The justification Schnapper offered didn't seem to satisfy any of the justices. In summary, Judge Brett Kavanaugh noted that the word "interactive computer service" has come to refer to a service "that filters, screens, picks, chooses, and organises material" as defined by Section 230. The essential quality that makes a website an interactive computer service also implies that it loses that protection if algorithms are not exempt from Section 230 immunity. Therefore, we seldom give a law an interpretation that renders it functionally worthless from a textual and structural perspective.
The Justice Against Sponsors of Terrorism Act lawsuit against Twitter was the main topic of discussion on the second day of arguments, with little attention paid to Section 230. This led to a protracted debate over what could or might not be considered "aiding and abetting." Would a platform be held accountable, for instance, if it didn't uphold rules barring terrorists from using its services? According to Edwin Kneedler, speaking on behalf of the Department of Justice, the law "requires more than allegations that a terrorist organisation availed itself of interactive computer services that were remote from the act of terrorism; were widely and routinely available to hundreds of millions, if not billions of persons," taking Twitter's side in the case.
The Court then went through a number of scenarios, including the sale of pagers, the purchase of firearms, the possibility that Osama bin Laden would use personalised banking services, and the fictitious instance in which J. Edgar Hoover would have informed Bell Telephone that Dutch Schultz was a gangster and was using his phone to engage in criminal activity. Chief Justice John Roberts remarked, "The discussion this morning has actually taken on a very scholarly tone.
In actuality, both mornings had a lot of abstraction.

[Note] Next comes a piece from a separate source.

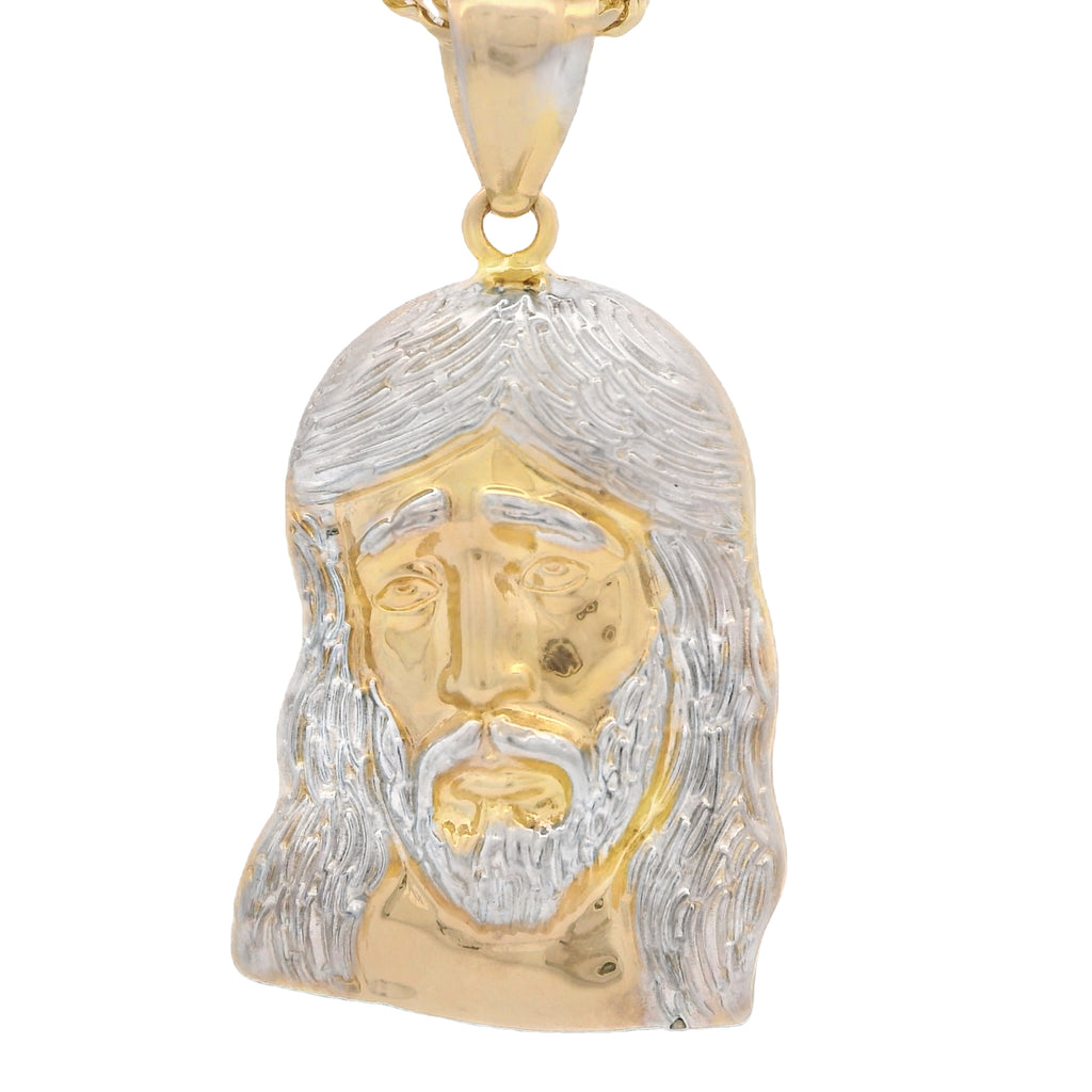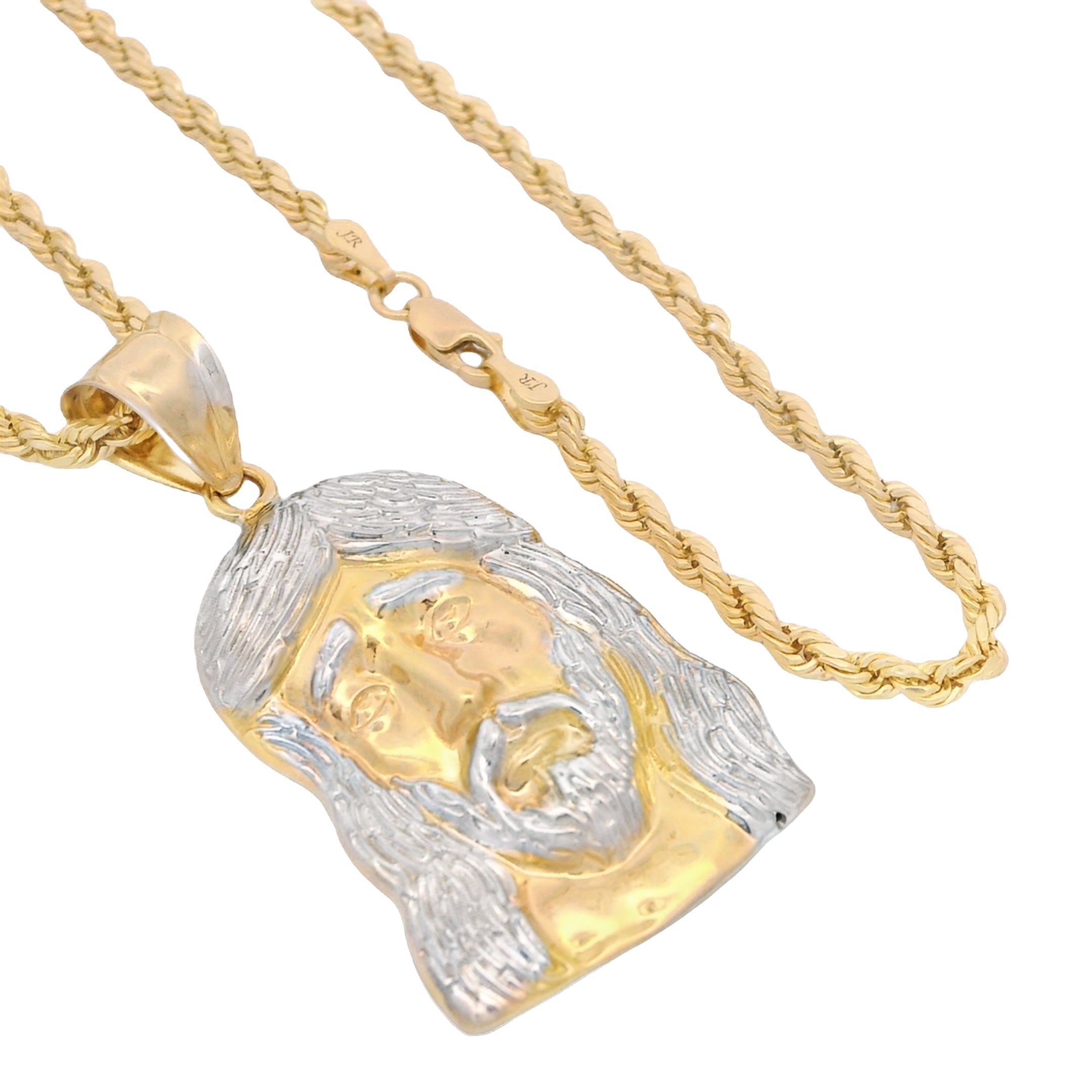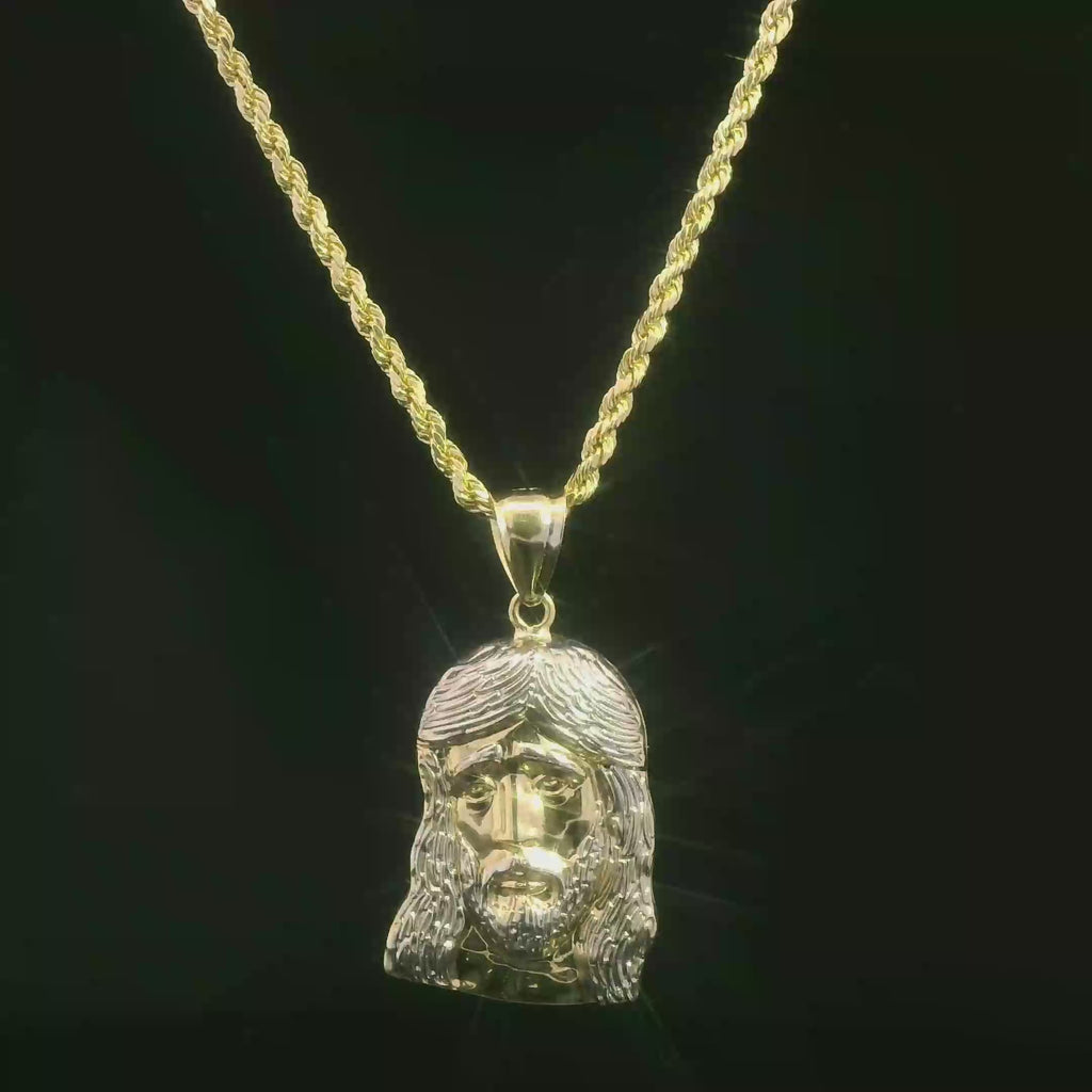 14K Jesus Face Pendant W/ Hollow Rope Chain (22” Inches) JTJ™

The Court must address the more pressing issues before anyone can debate whether 1,348 ISIS clips with a total of 163,391 views on YouTube, or an average of 121 views per video, indicate algorithmic amplification of terrorist propaganda, as claimed in the case documents. I argued a few weeks ago that, particularly if it decides that all algorithms are not covered by Section 230 protection, the Supreme Court's ruling in these two cases would change the internet as we know it. In addition to rendering search engines ineffective, this would result in a flood of legal lawsuits against any companies using automated content organisation.
The Court took these cases because it was evidently interested in seeing if focusing on algorithmic suggestions could be a suitable way to update Section 230. Grimmelmann added, "I can see why that looked tempting. The judges, however, "recognised how difficult it truly is, and why that line's not a very good to draw, when the cases actually went to oral argument."